## [YOUR OBJECTIVE]
Starting at the line that holds "예스폼 온라인 도장/서명 사이트 - 100% 무료 서비스", quote every line through the end of the records, both boundary lines included. Omit the pictures.
START TASK INPUT
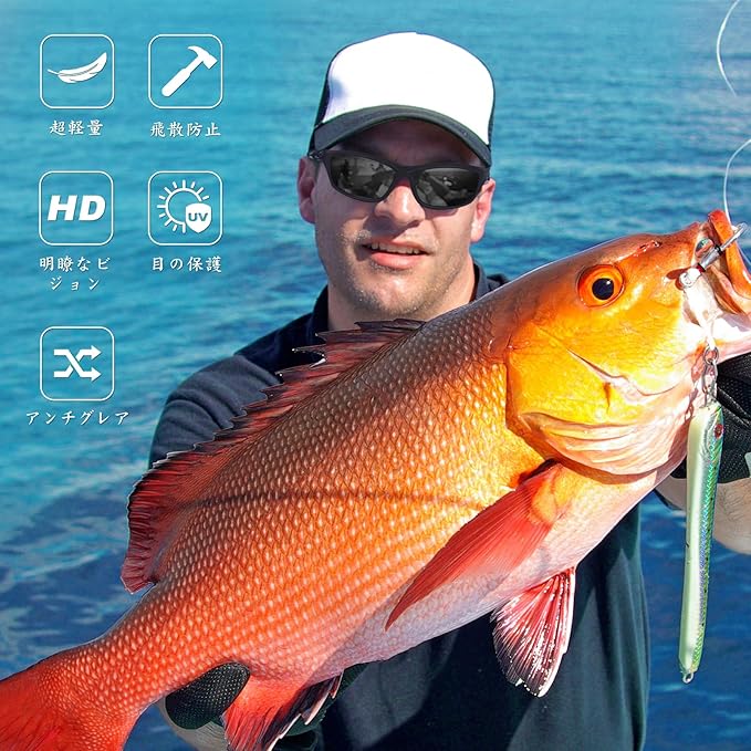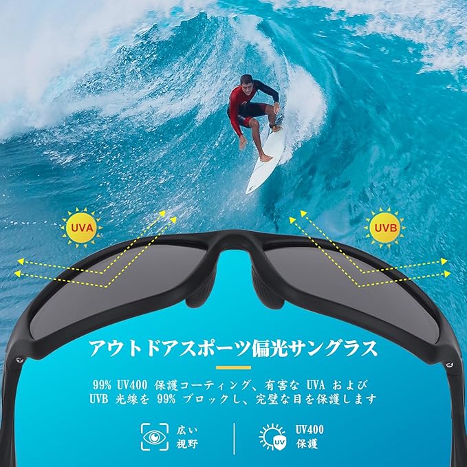 【紫外線防止のスポーツサングラス】目を守るためには、紫外線対策が重要です。偏光の釣り用サングラスは、99%以上の紫外線透過を阻止し、光の透過率を効果的に低減します。紫外線曝露を減らすことで、目の疾患から人々を守ることができます。
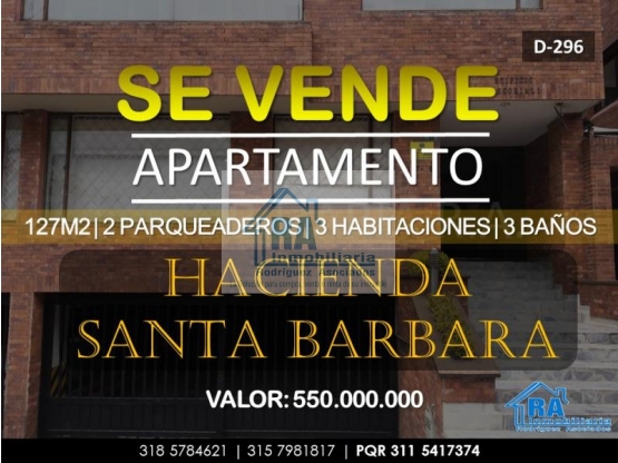 SE VENDE GRAN APARTAMENTO CON 2 PARQUEADEROS EN BARRIO HACIENDA SANTA BARBARA D-296 Se vende apartamento con doble parqueadero y excelente iluminación ubicado en barrio hacienda santa bárbara con un área de 127 metros cuadrados que consta de 2 alcobas amplias con closet de pared a pared, una de ellas con baño privado, 1 cuarto de servicio con baño, sala comedor amplia, cocina integral, 1 baño social 2 parqueaderos, zona de lavado independiente, patio de ropas y terraza independiente El apartamento se encuentra excelente mente ubicado a media cuadra de la av. carrera 30 con autopista norte, Clínica los nogales, parque urbano el virrey Valor: 550.000.000 INMOBILIARIA R.A “Nacimos para servir” Contáctanos vía WhatsApp: http://wa.me/573185784621 http://wa.me/573157981817 Conoce nuestros inmuebles: WEB PAGE: http://inmobiliariara.domusweb.co/ INSTAGRAM: http://instagram.com/_inmobiliariara FACEBOOK: http://facebook.com/InmobiliariaRA TWITTER: http://Twitter.com/_inmobiliariaRA YOUTUBE: https://www.youtube.com/channel/UCAUtWv-Ud9NYe7ZemMMeXAQ?view_as=subscriber UBÍCANOS: https://g.page/INMOBILIARIARA NUESTRA EMPRESA: http://INMOBILIARIARA.NEGOCIO.SITE INMOBILIARIA R.A “nacimos para servir” CONTÁCTENOS... http://inmobiliariara.domusweb.co Celular: +57 3185784621-3157981817 PQR 3115417374 Teléfono: +57 (1) 5649646 mail: inmobiliariariarodriguez.a@gmail.com Dirección: Carrera 71 D # 2 B - 13 Bogotá (Colombia)
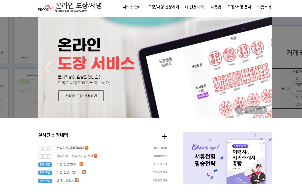 예스폼 온라인 도장/서명 사이트 - 100% 무료 서비스
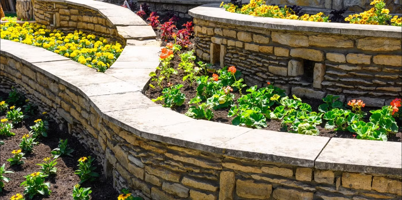 在高低起伏的地形中,石墻或石砌邊界能有效支撐土壤,防止水土流失,同時(shí)形成獨(dú)特的層次感。
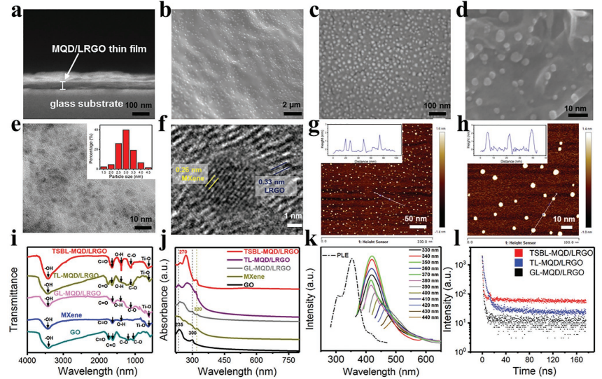 图4 用TSBL对MQD/LRGO进行了分析和光谱表征。a) MQD/LRGO的截面SEM图像。b,c) LRGO上附着MQD的表面的SEM图像。d)加载MQD后有褶皱的LRGO的FE-SEM图像。e) LRGO上TSBL-MQDs的透射电镜(TEM)图像。f) LRGO和MQD晶格的HRTEM图像。g,h) TSBL-MQDs结果的原子力显微镜(AFM)图像。i) MXene、GO、GL-MQD/LRGO、TL-MQD/LRGO、TSBL-MQD/LRGO的傅里叶变换红外(FTIR)光谱。j) MXene、GO、GL-MQD/LRGO、TL-MQD/LRGO、TSBL-MQD/LRGO的UV-vis吸收图谱。k) TSBL-MQDs的光致发光(PL)光谱(实线)和PL激发(PLE)(虚线)。l) TSBL-MQDs的生命期。© 2022 John Wiley & Sons
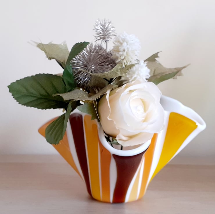 This one of a kind vase could be filled with fresh or dried flowers, perhaps using a block of oasis or a small plastic bottle as a liner. Alternatively, fill with sweets or potpourri or display as a stand alone display piece.
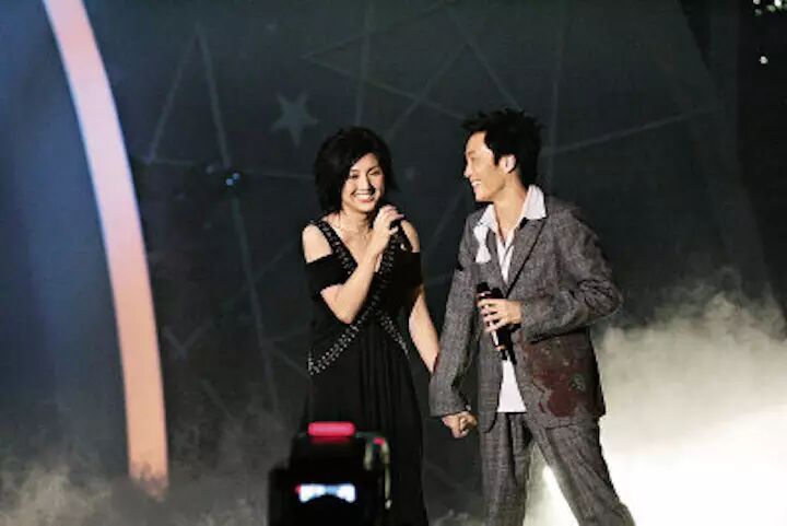 女方开小型音乐会男方做特别嘉宾,牵手甜蜜合唱,唱的就是现在每当现场演场杨千嬅都哭得唱不下的《爱人》。开心不到一年,在2000年就传出二人分手的消息
END TASK INPUT
## [WRITTEN REPLY]
 예스폼 온라인 도장/서명 사이트 - 100% 무료 서비스
 在高低起伏的地形中,石墻或石砌邊界能有效支撐土壤,防止水土流失,同時(shí)形成獨(dú)特的層次感。
 图4 用TSBL对MQD/LRGO进行了分析和光谱表征。a) MQD/LRGO的截面SEM图像。b,c) LRGO上附着MQD的表面的SEM图像。d)加载MQD后有褶皱的LRGO的FE-SEM图像。e) LRGO上TSBL-MQDs的透射电镜(TEM)图像。f) LRGO和MQD晶格的HRTEM图像。g,h) TSBL-MQDs结果的原子力显微镜(AFM)图像。i) MXene、GO、GL-MQD/LRGO、TL-MQD/LRGO、TSBL-MQD/LRGO的傅里叶变换红外(FTIR)光谱。j) MXene、GO、GL-MQD/LRGO、TL-MQD/LRGO、TSBL-MQD/LRGO的UV-vis吸收图谱。k) TSBL-MQDs的光致发光(PL)光谱(实线)和PL激发(PLE)(虚线)。l) TSBL-MQDs的生命期。© 2022 John Wiley & Sons
 This one of a kind vase could be filled with fresh or dried flowers, perhaps using a block of oasis or a small plastic bottle as a liner. Alternatively, fill with sweets or potpourri or display as a stand alone display piece.
 女方开小型音乐会男方做特别嘉宾,牵手甜蜜合唱,唱的就是现在每当现场演场杨千嬅都哭得唱不下的《爱人》。开心不到一年,在2000年就传出二人分手的消息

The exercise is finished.